◆ RECORDS TO PROCESS:
- - -

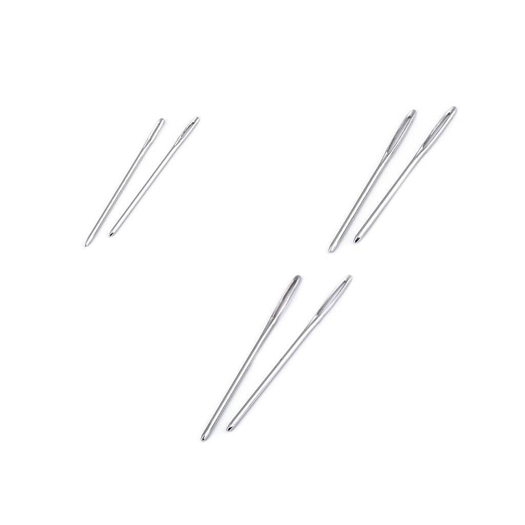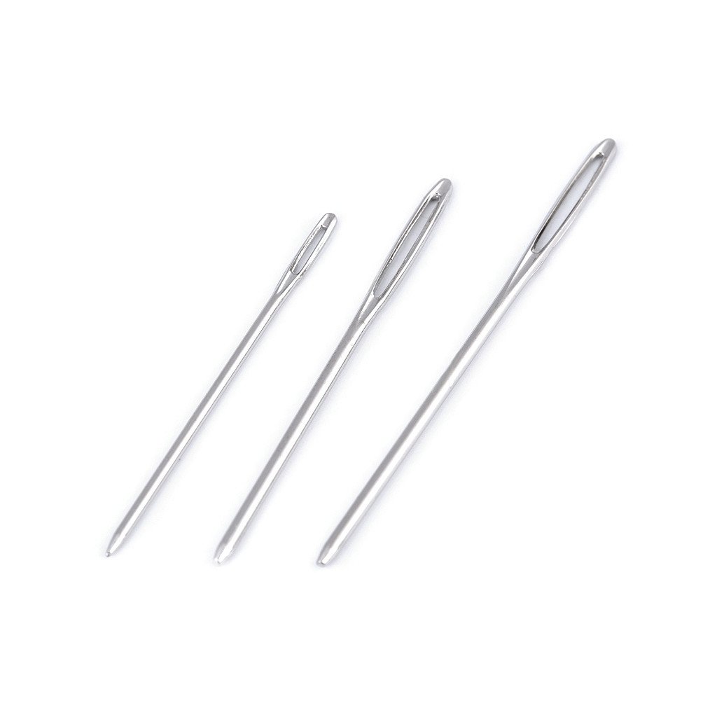 Stumpfe Nadeln eignen sich zum Nähen von Kunstleder, Leder und anderen festeren Stoffen, die stärkere Kordeln oder dickeres Garn erfordern. Sie können auch zum Nähen von Strickwaren, Stickereien und zur Herstellung von Wandteppichen verwendet werden. Da sie nicht scharf sind, muss der Stoff vorher durchstochen werden. Ohrmaße: - Nr. 1: 2,3 x 7,5 mm - Nr. 2: 3 x 16 mm - Nr. 3: 3 x 16,7 mm
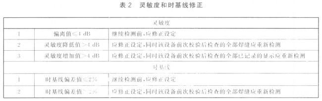 依據(jù)本標(biāo)準(zhǔn)和附錄E要求,每次檢測前應(yīng)設(shè)定時(shí)基線和靈敏度,并考慮溫度的影響,時(shí)基線和靈敏度設(shè)定時(shí)的溫度與焊縫檢測時(shí)的溫度之差不應(yīng)超過15℃。
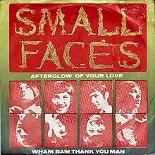In March 1969 the Small Faces officially broke up, with Steve Marriott going on to form Humble Pie with Peter Frampton and Greg Ridley. Their manager and proprietor of their record label Andrew Loog Oldham quickly released "Afterglow" as a final single without the group's permission. Now called "Afterglow of Your Love", this soulful power ballad appeared in a noticeably different, slightly sped-up mix from the version that originally appeared on Ogdens, removing the song's acoustic introduction and adding a longer instrumental coda. It was coupled with a contrasting hard rock number on the B-side, which was mis-titled on both cover and label as "Wham Bam Thank You Man" (the song's actual title is "Wham Bam Thank You Mam" - or, even more correctly - "Ma'am"). To this day, some of the less well-researched Small Faces reissues still carry this incorrect title for the song. One of the final few tracks the Small Faces completed in late 1968, the hard-rocking sound of "Wham Bam Thank You Ma'am" strongly indicated the musical direction Marriott would continue to pursue with Humble Pie. Several "Best of" compilations contain a different, slower version of the song. There is also a live version. Three years later, David Bowie borrowed the title of the track for a line called out at the climax of his rock high-life anthem Suffragette City.
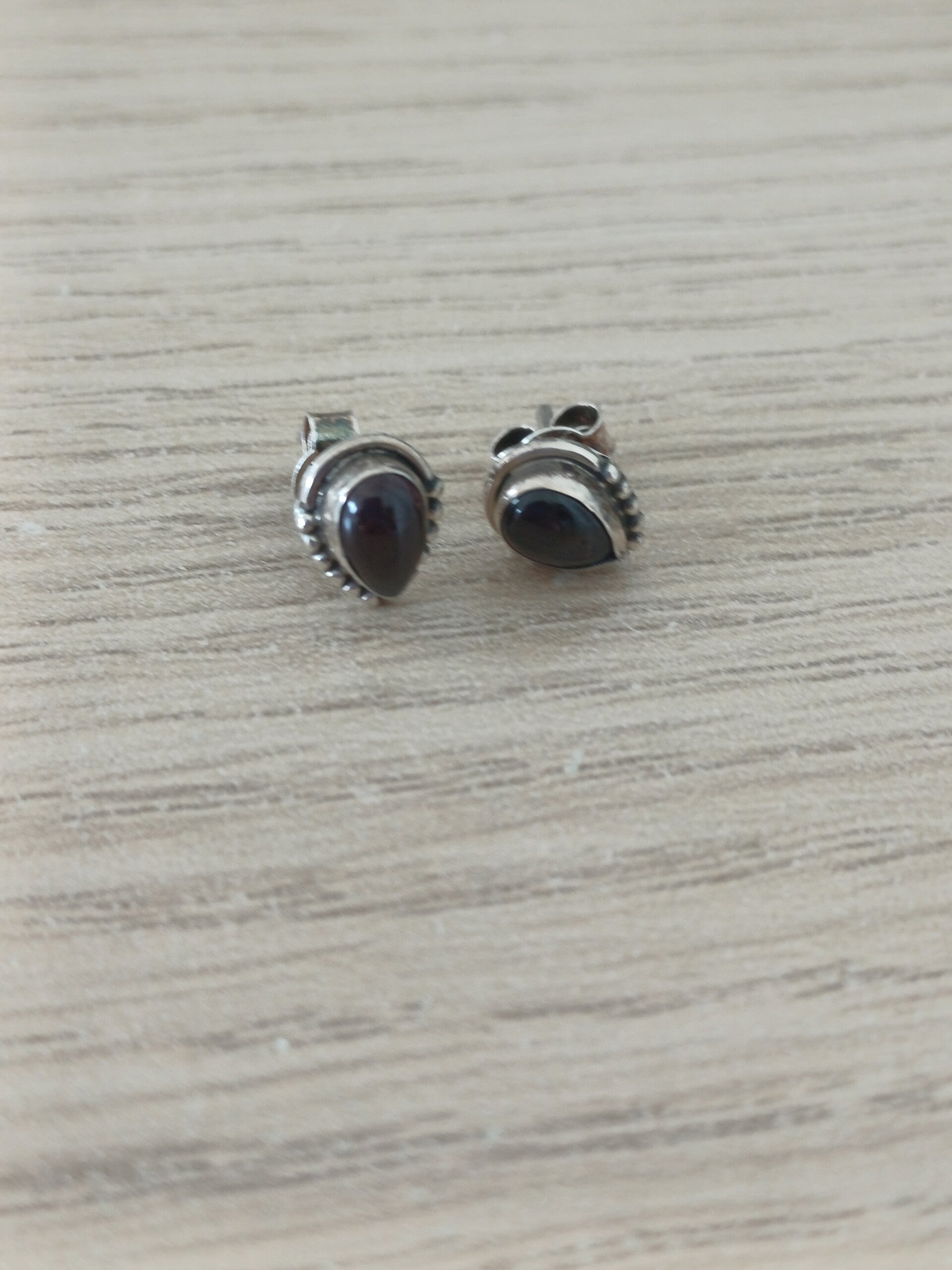 Kleine zilveren oorbel op steker in ovaal met gekartelde sierrand. Mooie dieprode granaatsteentjes.
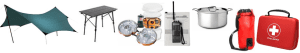 ( note there is NO Centre Pole, using a centre pole will ruin this tarp ) – 7-point inverted wing shape is stable in windy settings. – Includes 2 lightweight 22 mm diameter aluminium poles that compact to 64 cm. – Reinforced guy out points let you support it with trekking poles, trees or paddles. – Provides 18.6 square meters (200 square feet) of coverage. | ||||||
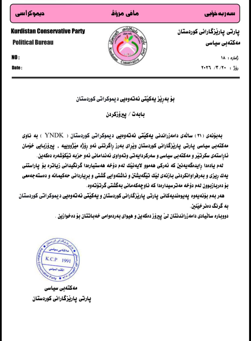 پەیامی پیرۆزبایی مه‌كته‌بى سياسيى پارتى پارێزگارانى كوردستان بۆ (31)ــه‌مين ساڵیادی دامەزراندنی یەكێتی نەتەوەیی دیموكراتی كوردستان YNDK.
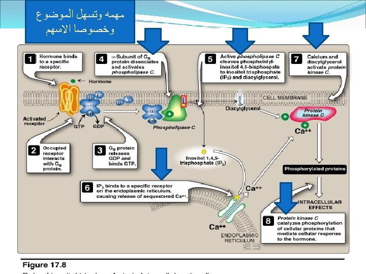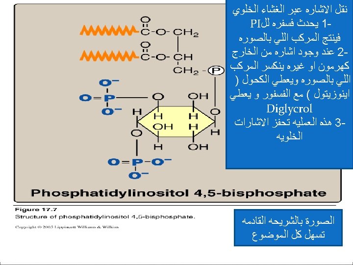 1. Role of PI in signal transmission ﺍﻻﺷﺎﺭﻩ ﻧﻘﻞ across membranes: a. The phosphorylation of membrane-bound phosphatidylinositol produces polyphosphoinositides, for example, phosphatidylinositol 4, 5 - bisphosphate (PIP 2). b. The degradation of PIP 2 by phospholipase C occurs in response to the binding of neurotransmitters, hormones, and growth factors to receptors on the cell membrane (Figure 17. 8). c. The products of this degradation, inositol 1, 4, 5 -trisphosphate (IP 3) and diacylglycerol (DAG), mediate the mobilization of intracellular calcium and the activation of PKC, which act synergistically to evoke ﻳﺴﺘﺪﻋﻲ specific cellular responses. Signal transmission across the membrane is completed.
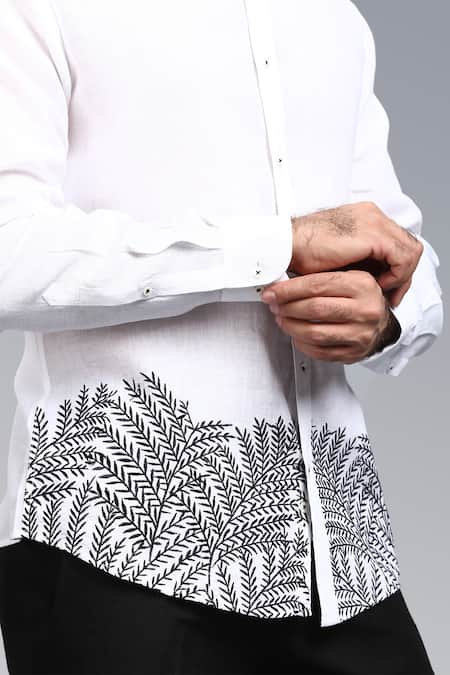 White shirt featuring leaf detail hand embroidery with French knots and kaantha embroidery
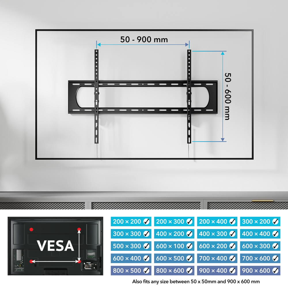 Fits TV VESA sizes from 50 x 50mm up to 900 x 600mm. Includes fixings for wood stud and solid walls.
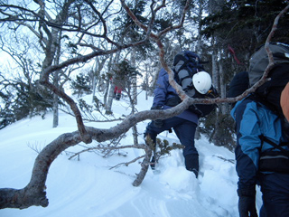 厳冬期とはいえ好条件に恵まれました。覚悟はしていたものの、私にとっては最上級のラッセルに泣かされました。着実に登りきれる体力、適切なルートを見極められる判断力の重要さを再認識させられました。4人の個性が緩やかに絡みあい、支えあい、ハードだが楽しい冬山登山になりました。皆さんに感謝します。
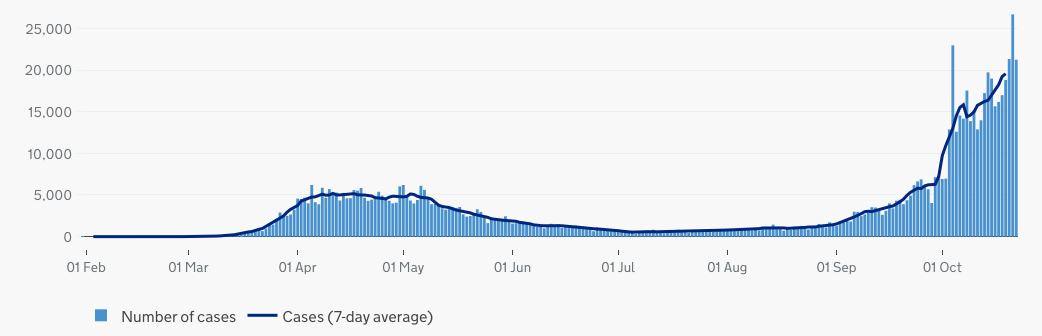 鲍里斯-约翰逊(Boris Johnson)于周四(10月22日)下午4点召开新闻发布会,在这次发布会上阐述了更多关于如何加强对第二、第三等级限制地区的支持。英国首席科学顾问帕特里克-瓦兰斯(Patrick Vallance)和财政大臣里希·苏纳克(Rishi Sunak)也到场发布并回答有关疫情的最新消息。
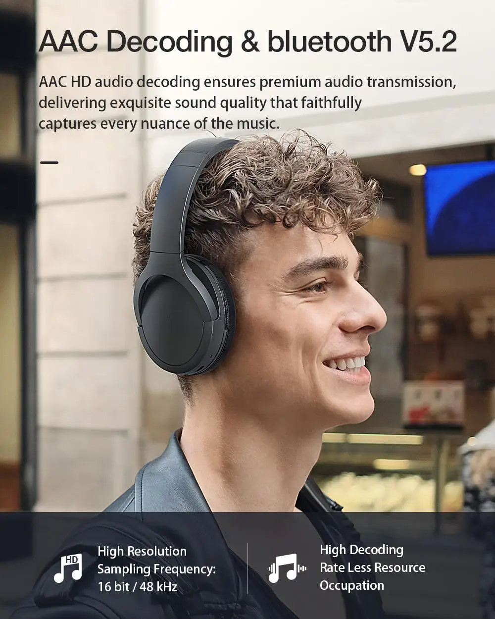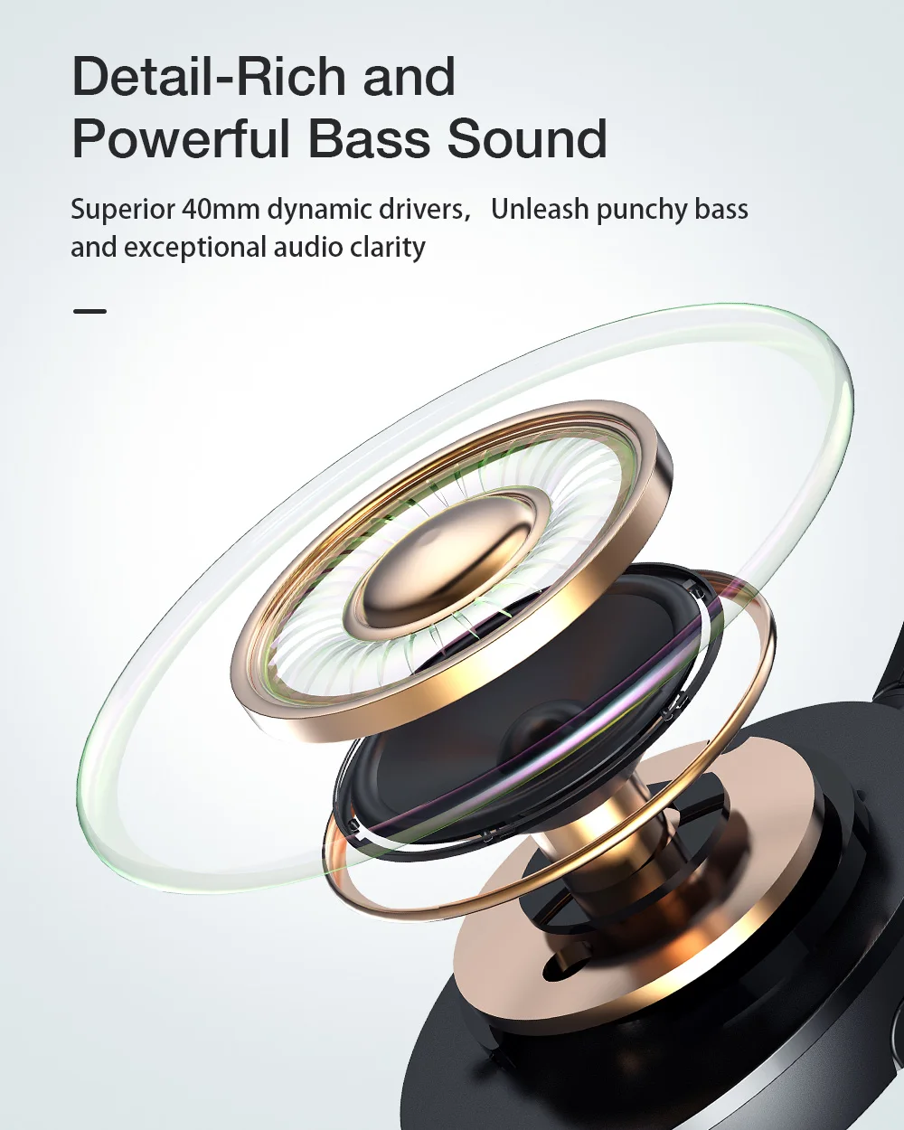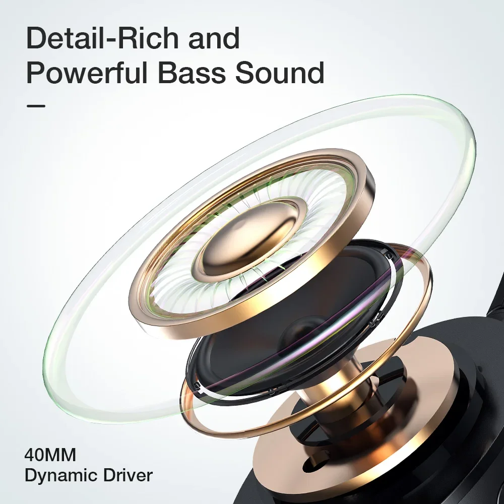 3. La decodificación de audio AAC HD proporciona una transmisión de audio de mayor calidad y una excelente calidad de sonido, restaurando cada detalle del sonido. 4. Controladores dinámicos superiores de 40mm, liberan graves contundentes y una claridad de audio excepcional.
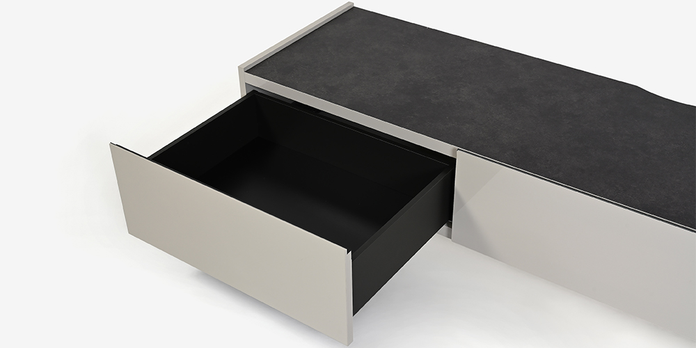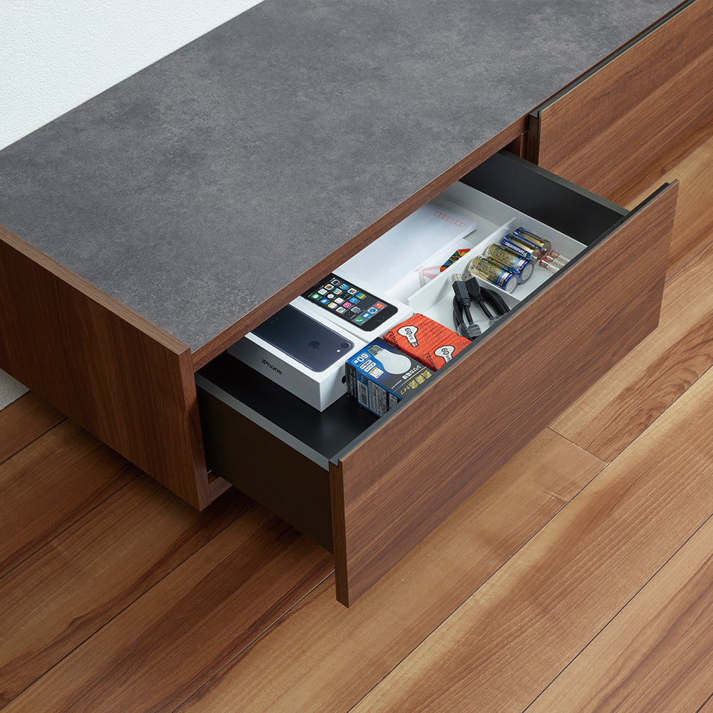 AV機器収納部のフラップ扉は引出しと同じ表面材を貼ったガラス製です。扉を閉めたままでもリモコン操作を行うことができます。
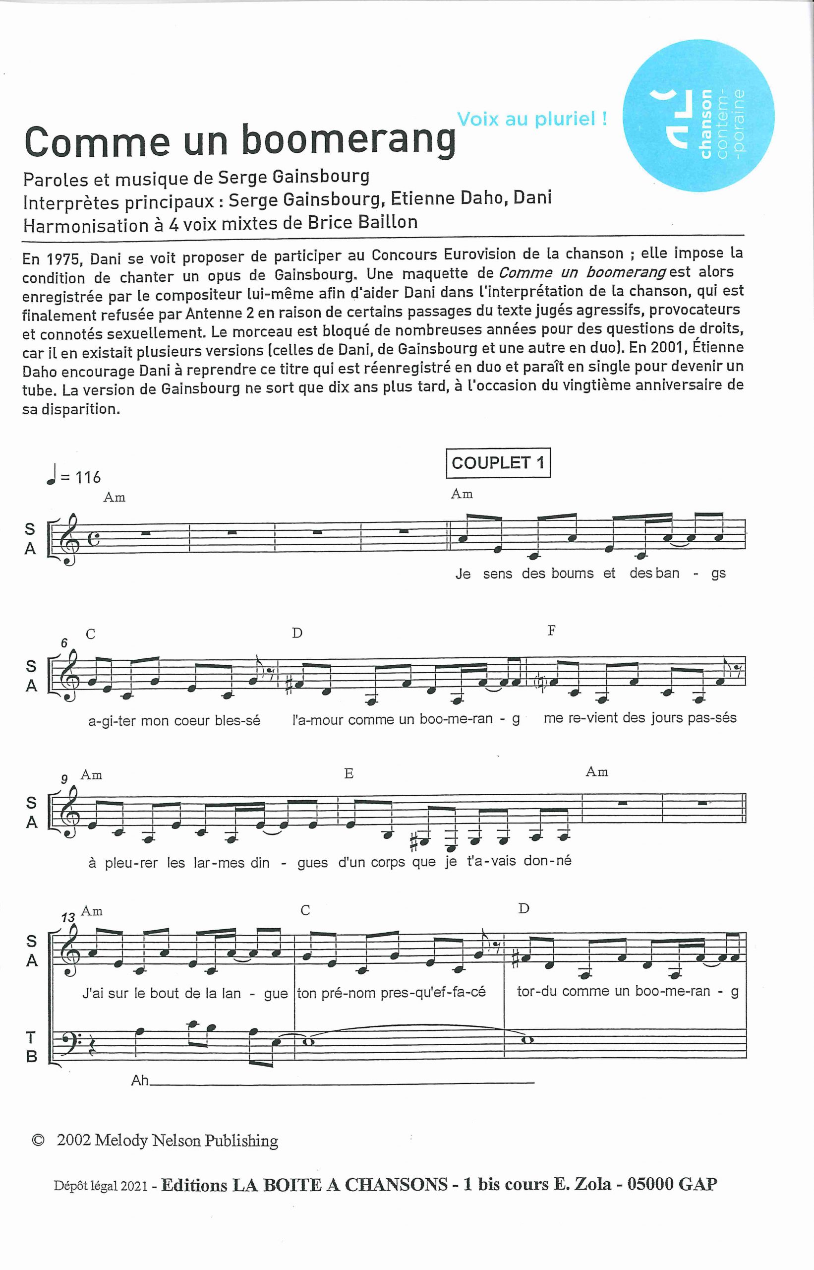 Paroles et musique : S. Gainsbourg Harmonisation : Brice Baillon
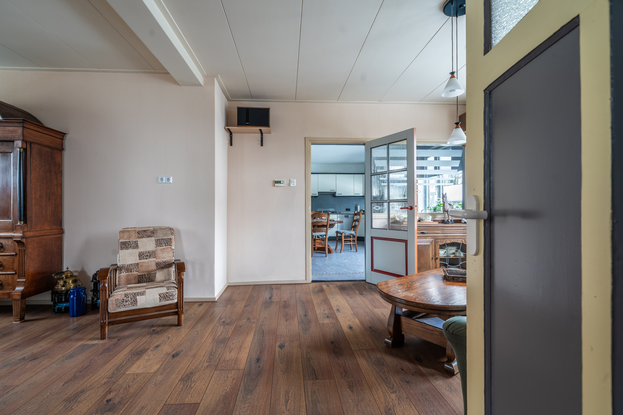 Indeling: ruime hal / entree (ca. 11.7m²) met meterkast; slaap-/werkkamer (ca. 12.8m²); woonkamer (ca. 29.6m²); woonkeuken (ca. 26.3m²) v.v. inbouwkeuken in hoekopstelling met enige apparatuur (o.a. 5-pits gaskookplaat, afzuigkap, vaatwasser en combi-magnetron) en provisie(trap)kast; bijkeuken-/gang (ca. 10m²) met achter-entree, witgoedaansluitingen en trapopgang; toiletruimte met wandcloset en fonteintje; badkamer met douchehoek, wastafel(meubel) en ligbad.
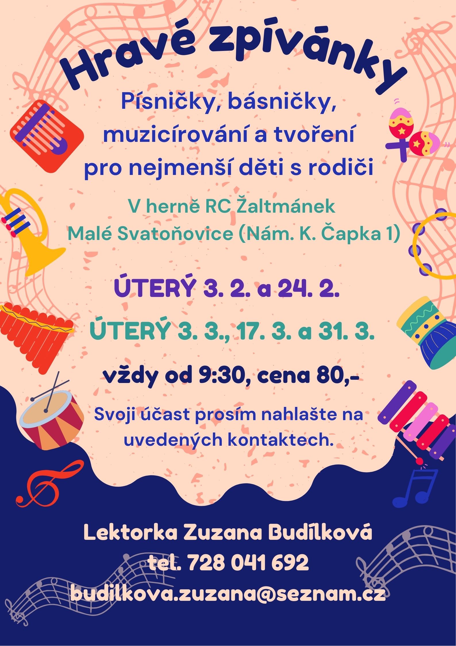 Písničky, básničky, muzicírování a tvoření pro nejmenší děti s rodiči v herně RC Žaltmánek, Malé Svatoňovice (nám. K. Čapka 1) - úterý 03.02., 24.02., 03.03. 17.03. a 31.03.2026, vždy od 09:30, cena 80 Kč. Podrobné informace najdete na plakátu zde.

- - -

◆ WHAT IS BEING ASKED: Copy exactly the lines from the line containing "Indeling: ruime hal" through the last line of the records above, both included, and leave out any pictures.

◆ ANSWER BOX:
 Indeling: ruime hal / entree (ca. 11.7m²) met meterkast; slaap-/werkkamer (ca. 12.8m²); woonkamer (ca. 29.6m²); woonkeuken (ca. 26.3m²) v.v. inbouwkeuken in hoekopstelling met enige apparatuur (o.a. 5-pits gaskookplaat, afzuigkap, vaatwasser en combi-magnetron) en provisie(trap)kast; bijkeuken-/gang (ca. 10m²) met achter-entree, witgoedaansluitingen en trapopgang; toiletruimte met wandcloset en fonteintje; badkamer met douchehoek, wastafel(meubel) en ligbad.
 Písničky, básničky, muzicírování a tvoření pro nejmenší děti s rodiči v herně RC Žaltmánek, Malé Svatoňovice (nám. K. Čapka 1) - úterý 03.02., 24.02., 03.03. 17.03. a 31.03.2026, vždy od 09:30, cena 80 Kč. Podrobné informace najdete na plakátu zde.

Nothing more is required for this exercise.